Semi-supervised Learning Assumptions

The goal of semi-supervised classification is to improve classification using a large set of unlabelled observations, in our case unlabelled trips (Zhu and Goldberg 2009). This is based on the premise that the unlabelled trips contain patterns which can be related to different travel modes. van Engelen and Hoos (2019) describe three semi-supervised learning assumptions that are used in semi-supervised classification methods. For the mode classification problem we can formulate them as follows:

1. I.

   Smoothness: If two trips have similar cellpaths they are likely to have the same travel mode.

2. II.

   Manifold assumption: Even though cellpaths are high-dimensional, they lie on lower-dimensional structures in the feature space (manifolds). Cellpaths on the same manifold usually share the same travel mode.

3. III.

   Low-density: If there are many trips with similar cellpaths, they likely have the same travel mode. It follows that the decision boundary between travel modes should have few cellpaths close to it.

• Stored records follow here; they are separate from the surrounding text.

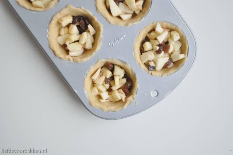 - Vul de deegbakjes met de appel-rozijnen mengsel. Doe ze goed vol, zodat je flink gevulde appeltaartjes krijgt. Dan zijn ze op z'n lekkerst!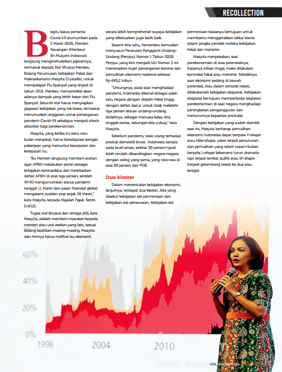 Majalah Pajak- Begitu kasus pertama Covid-19 diumumkan pada 2 Maret 2020, Menteri Keuangan (Menkeu) Sri Mulyani Indrawati langsung menginstruksikan jajarannya, termasuk kepada Staf Khusus Menkeu Bidang Perumusan Kebijakan Fiskal dan Makroekonomi Masyita Crystallin, untuk mempelajari Flu Spanyol yang terjadi di tahun 1918. Menkeu memprediksi akan adanya dampak yang lebih besar dari Flu Spanyol. Seluruh staf harus menyiapkan gagasan kebijakan yang tak biasa, termasuk merumuskan anggaran untuk penanganan pandemi Covid-19 sekaligus menjadi shock absorber bagi perekonomian.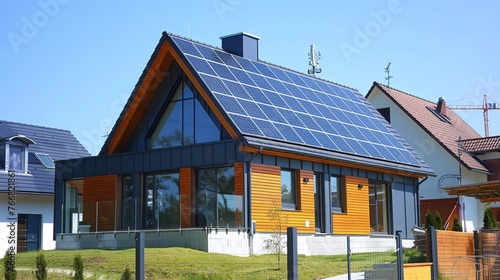 modern eco friendly passive house with new photovoltaic system on the gable roof and solar panels for energy efficiency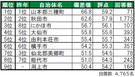 住み続けたい街は1位は2年連続で山本郡三種町。2位は3年連続で秋田市。3位にかほ市。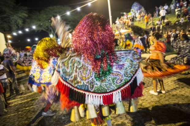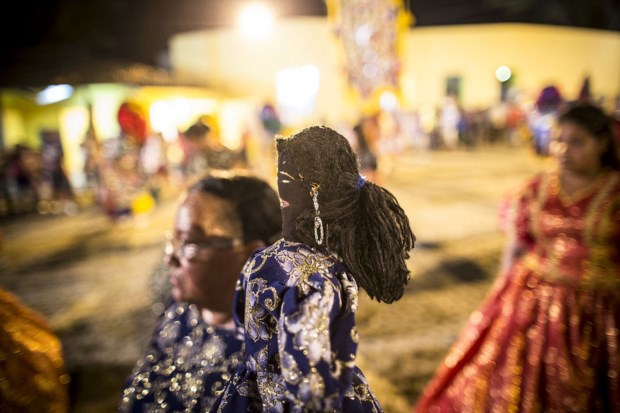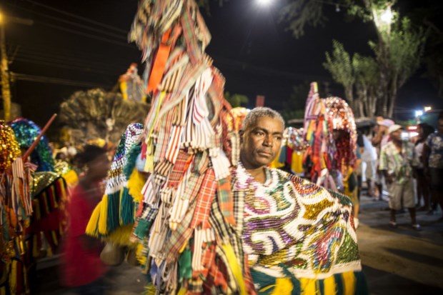 Veja-se o caso do Homem da Meia-Noite. Esta figura é claramente inspirada na tradição portuguesa dos Zé Pereira. Em linguagem nortenha, o Homem é um gigantone. Ou um cabeçudo. Bem vestido (este ano levará as cores do Brasil, em homenagem à Copa do Mundo), com um dente de ouro a sublinhar a sua condição próspera, esta figura faz parte do Carnaval de Olinda desde 1932. Os registos avisam que quando o Homem sai à rua há uma espécie de delírio metafísico — difícil de explicar, como tudo o que diz respeito a estas festas. Com tanto sucesso, acabaria por se tornar obrigatório encontrar companhias apropriadas a semelhante personagem. Foi assim que nasceu a Mulher do Dia, um horário bem mais politicamente correcto.

In addition to a large number of unlabelled trips that fulfil one of the above assumptions, semi-supervised classification also requires a small set of labelled trips. As labelled data are typically often not available in the case of cellular network data. Therefore, the semi-supervised methods presented in Sect. 4.2 make use of additional assumptions specific to cellular network data to obtain pseudo-labelled data:

1. IV.

   Geometric likelihood: Some trips can be classified likely using geometric classification and can thus be used as a set of pseudo-labelled trips.

2. V.

   Continuity: A labeled trip passing through cities A–B–C can be used as a training trip for OD-pair A–B.

Assumption IV may not always hold, in particular, in challenging OD-pairs where the routes for different modes are spatially very close and thus no or few trips can be classified with high likelihood. In these cases, using Assumption V can be considered to obtain pseudo-labelled trips. It enables learning from trips in a different overlapping OD-pair that is easier to classify by transferring information from another OD-pair.

Semi-supervised Labelling

Fig. 2

Overview of the proposed mode classification methods using semi-supervised labelling

We present three semi-supervised mode classification approaches of inter-city trips extracted from cellular network data (see Fig. 2) using different semi-supervised labelling techniques. Following the taxonomy introduced by van Engelen and Hoos (2019) all three methods are inductive wrapper methods as they use an existing supervised method as part of the classification process. The methods are also using feature extraction as a method of unsupervised preprocessing.

Geometric-labelling (GL) is using geometric classification (see Sect. 3) to obtain a small set of pseudo-labelled trips out of the set of unlabelled trips \({\varvec{T}}_{O,D}\). Using Assumption IV, only trips classified likely are pseudo-labelled in this step (see Sect. 4.3). Feature extraction is then used to describe each trip using a small number of features instead of the complete high-dimensional cellpath (see Sect. 4.4) based on Assumption II. A supervised classification method (see Sect. 4.5) is trained exploiting Assumption I using the pseudo-labelled trips transformed to the lower-dimensional feature space. The trained supervised method finally classifies each trip by travel mode.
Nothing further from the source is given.